Los migrantes
En la intensidad de los conflictos de estas semanas, la prensa y las redes sociales registraron discursos y declaraciones cercanas a la estupidez, además de los tonos insolentes contra una u otra colectividad y la revelación de subjetividades racistas, xenófobas. En el fondo, ignorancia –mucha ignorancia- y complejos internos.
Entre la colección de esas palabras, un vocero aseguró que deberían salir del país aquellos que tienen apellidos extranjeros (¿cuáles serán los apellidos autóctonos?) y aquellos que llegaron como refugiados por la Segunda Guerra Mundial. Asombra el acostumbrado silencio cómplice de los responsables de ministerios y oficinas que deberían proteger la dignidad de todos los que habitan en Bolivia.
Aparentemente, el locuaz orador no padeció el exilio que tocó a cientos de bolivianos, particularmente desde 1952 a 1982 y desde 2006 a la fecha. Bolivianos que encontraron manos amigas, solidaridad, trabajo, amor y cuna para sus hijos. Algunos, los más tercos, retornaron a la Madre Patria por esa fe que le tienen, a pesar de tantas desilusiones. Muchos dejaron sus huellas y sus huesos en tierras lejanas.
Al igual como Bolivia abrió sus brazos a los perseguidos por causas ideológicas, religiosas, políticas o por pertenecer a una etnia, México, Caracas, Estocolmo, Berlín, París, Milán recibieron a los bolitas.
Con la crisis de la deuda, otros cientos de bolivianos se sumaron a la migración latinoamericana motivada por causas económicas. Les tocó conseguir papeles, cruzar fronteras clandestinas, inventar visas, llegar hasta Los Ángeles, Madrid o Valencia. Algunos llevaron experiencias y títulos universitarios, otros sólo su fuerza de brazos, algunas sus vientres de alquiler.
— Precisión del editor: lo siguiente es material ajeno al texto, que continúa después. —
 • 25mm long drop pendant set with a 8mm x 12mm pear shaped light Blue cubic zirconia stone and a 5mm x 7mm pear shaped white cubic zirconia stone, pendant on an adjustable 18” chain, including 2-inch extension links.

¿Qué haría el (No) Estado Plurinacional si los países expulsan a los millones de bolivianos que ocupan los mercados argentinos o los talleres en Sao Paulo? ¿Podría contarles el próximo censo?
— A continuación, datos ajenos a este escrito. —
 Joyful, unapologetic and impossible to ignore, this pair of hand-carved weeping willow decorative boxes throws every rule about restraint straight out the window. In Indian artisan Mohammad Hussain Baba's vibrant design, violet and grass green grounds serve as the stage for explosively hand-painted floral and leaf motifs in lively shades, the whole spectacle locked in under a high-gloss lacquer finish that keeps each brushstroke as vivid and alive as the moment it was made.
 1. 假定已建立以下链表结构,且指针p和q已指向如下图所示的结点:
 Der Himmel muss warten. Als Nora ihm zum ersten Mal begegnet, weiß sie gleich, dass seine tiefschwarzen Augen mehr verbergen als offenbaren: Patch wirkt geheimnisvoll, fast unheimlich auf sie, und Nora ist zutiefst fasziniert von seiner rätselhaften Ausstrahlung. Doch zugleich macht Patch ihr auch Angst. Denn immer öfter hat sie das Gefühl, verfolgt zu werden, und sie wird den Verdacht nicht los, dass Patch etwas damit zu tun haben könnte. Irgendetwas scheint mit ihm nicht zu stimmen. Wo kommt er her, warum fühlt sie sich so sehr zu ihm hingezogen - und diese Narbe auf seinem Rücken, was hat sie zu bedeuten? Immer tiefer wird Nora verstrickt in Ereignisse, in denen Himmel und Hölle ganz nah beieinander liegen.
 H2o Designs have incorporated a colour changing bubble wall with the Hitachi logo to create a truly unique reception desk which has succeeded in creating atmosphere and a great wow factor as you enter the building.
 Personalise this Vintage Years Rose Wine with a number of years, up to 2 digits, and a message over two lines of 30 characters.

El asunto de la migración es mucho más complejo, tiene varias orillas y se mueve de un lado a otro. Los migrantes se animan a cruzar montañas, a empezar de la nada, a vencer la canícula o los inviernos más duros, los mares y los idiomas.
Desde siempre han representado una interrogante, un odio y un amor. Lo cierto es que los países o las ciudades que optaron por tener políticas migratorias abiertas ganaron con los recién llegados. El ejemplo histórico más notable es Estados Unidos y Nueva York; entre nuestros vecinos, Argentina y Buenos Aires. Alemania y Berlín también lo saben. Panamá hace de la migración multirracial una de sus principales fortalezas.
La llegada de migrantes europeos a Bolivia, principalmente entre las guerras mundiales, transformó al país y el saldo del haber es superior a las consecuencias negativas. Es imposible imaginar la vida cotidiana sin esa contribución. Las factorías urbanas y la agroindustria se nutrieron de esas sangres, de esos conocimientos y de esos esfuerzos. Sin olvidar otros arribos como el aporte de los japoneses o los menonitas.
Al contrario, la violencia del discurso antisemita de dirigentes nacionalistas en los años 50; las agresiones a inversores entre esos años y los periodos de inestabilidad política alejaron a familias que ya tenían a Bolivia como su nueva tierra.
En esta década, la experiencia de un inversor judío, asaltado desde las propias estructuras estatales, asustó a quienes querían fundar empresas en Bolivia.
Lo paradójico es que, al mismo tiempo, el (No) Estado Plurinacional y sus voceros permiten que otro tipo de extranjeros, como son las empresas chinas irregulares, destruyan bosques, envenenen las aguas con mercurio y se lleven como contrabando desde dientes de jaguares hasta oro fino.
Esa es la migración golondrina que debería preocupar a los parlamentarios, la que viene a saquear. A esos ambiciosos no les interesa formar familias ni invertir en el país y mucho menos dejar en este suelo mejoras para la colectividad. Llegan, reparten coimas, se esconden detrás de testaferros, acumulan recursos naturales bolivianos y se van.